Но вдогонку он все-таки кричал:
– Спасибо! Передайте ребятам, ценим от души!
На углу Незаметной улицы в телегу прыгнул Велехов. Он мягко взял у меня из рук вожжи и сказал:
– Давно вас тут поджидаю.
– А что такое?
– В детдоме Соколов. Секретарь райкома.
– Ну и что же?
– Да так… Когда начальство, надо подготовиться. Мало ли…
– Эх, Велехов, Велехов… Ну, как ты думаешь, что мне скрывать от начальства?
– Да хоть меня. Зачем такую чучелу выставлять?
– Ладно уж, каков есть. Кстати, тебе Лепко привет передает.
– Помнит, значит. А вы нас нарочно разделяете? Он там, я здесь?
– Нарочно.
– Так я и знал. А зачем, интересно? Что вы этим мечтаете достигнуть?
Отвечать было недосуг, да и не нашлась я сразу, а Милка уже стала у нашего забора.
Соколов, окруженный ребятами, сидел за столом, склонившись над черешенским альбомом с фотографиями.
– А это Митя Королев! – услышала я Тонин голос. – Правда, хороший?
– Правда! – Соколов поднял голову и встал.
Поздоровавшись, я заглянула в раскрытый альбом. Первая карточка, которая бросилась мне в глаза, – Митя, обнявший за плечи Шуру: их сняли вскоре после Митиного возвращения из Одесской больницы.
– А вот Анюта, самая наша красивая девочка! Правда, красивая? – спрашивала Тоня.

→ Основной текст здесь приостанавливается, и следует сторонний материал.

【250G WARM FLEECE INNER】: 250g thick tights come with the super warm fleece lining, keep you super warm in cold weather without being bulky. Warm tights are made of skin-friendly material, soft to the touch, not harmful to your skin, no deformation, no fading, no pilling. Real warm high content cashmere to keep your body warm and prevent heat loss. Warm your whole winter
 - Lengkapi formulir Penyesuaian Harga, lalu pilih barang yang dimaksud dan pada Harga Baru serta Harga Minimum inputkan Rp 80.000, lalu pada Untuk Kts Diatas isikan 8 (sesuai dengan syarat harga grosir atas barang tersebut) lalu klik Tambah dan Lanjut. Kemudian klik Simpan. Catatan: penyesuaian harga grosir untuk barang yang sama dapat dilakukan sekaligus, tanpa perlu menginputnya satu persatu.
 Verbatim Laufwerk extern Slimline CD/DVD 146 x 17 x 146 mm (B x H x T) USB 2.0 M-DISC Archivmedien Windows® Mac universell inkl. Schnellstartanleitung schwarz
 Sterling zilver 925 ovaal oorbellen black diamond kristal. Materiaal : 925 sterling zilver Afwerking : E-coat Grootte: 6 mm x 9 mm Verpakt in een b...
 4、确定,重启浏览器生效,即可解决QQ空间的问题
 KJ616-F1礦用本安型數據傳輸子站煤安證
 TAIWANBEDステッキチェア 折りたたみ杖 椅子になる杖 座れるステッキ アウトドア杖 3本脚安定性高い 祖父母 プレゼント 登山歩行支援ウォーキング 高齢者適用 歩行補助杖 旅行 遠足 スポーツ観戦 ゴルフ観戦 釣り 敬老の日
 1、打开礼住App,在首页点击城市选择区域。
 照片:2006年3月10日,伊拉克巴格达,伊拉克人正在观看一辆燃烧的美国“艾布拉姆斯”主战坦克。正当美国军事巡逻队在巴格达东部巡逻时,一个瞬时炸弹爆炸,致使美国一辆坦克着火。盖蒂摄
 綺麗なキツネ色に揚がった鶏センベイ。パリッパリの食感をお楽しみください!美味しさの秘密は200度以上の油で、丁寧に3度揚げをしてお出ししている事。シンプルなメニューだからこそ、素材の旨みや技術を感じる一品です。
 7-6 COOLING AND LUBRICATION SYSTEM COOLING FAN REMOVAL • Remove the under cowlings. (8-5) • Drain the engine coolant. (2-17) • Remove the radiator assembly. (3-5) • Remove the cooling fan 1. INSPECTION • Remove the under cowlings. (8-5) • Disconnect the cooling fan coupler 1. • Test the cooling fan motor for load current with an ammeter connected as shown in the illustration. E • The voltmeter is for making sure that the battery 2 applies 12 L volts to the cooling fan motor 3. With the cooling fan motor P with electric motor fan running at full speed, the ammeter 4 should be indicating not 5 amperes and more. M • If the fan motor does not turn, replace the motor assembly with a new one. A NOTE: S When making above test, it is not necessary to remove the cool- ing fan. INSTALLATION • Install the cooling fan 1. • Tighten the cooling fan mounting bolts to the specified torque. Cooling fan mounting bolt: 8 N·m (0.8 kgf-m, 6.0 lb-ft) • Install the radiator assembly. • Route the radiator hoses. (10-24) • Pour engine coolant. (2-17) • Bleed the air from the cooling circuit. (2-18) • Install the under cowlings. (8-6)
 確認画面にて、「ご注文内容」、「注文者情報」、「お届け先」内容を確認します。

– Правда! – послушно согласился Соколов.
– А это ее сестра Наташа, она сейчас в лесу на подсочке. Тоже красивая, правда?
– Я вижу, вы все тут красивые и хорошие! – заметил Соколов.
Велехов поставил на стол землянику – ее встретили дружным воплем восторга. Тотчас появились миски.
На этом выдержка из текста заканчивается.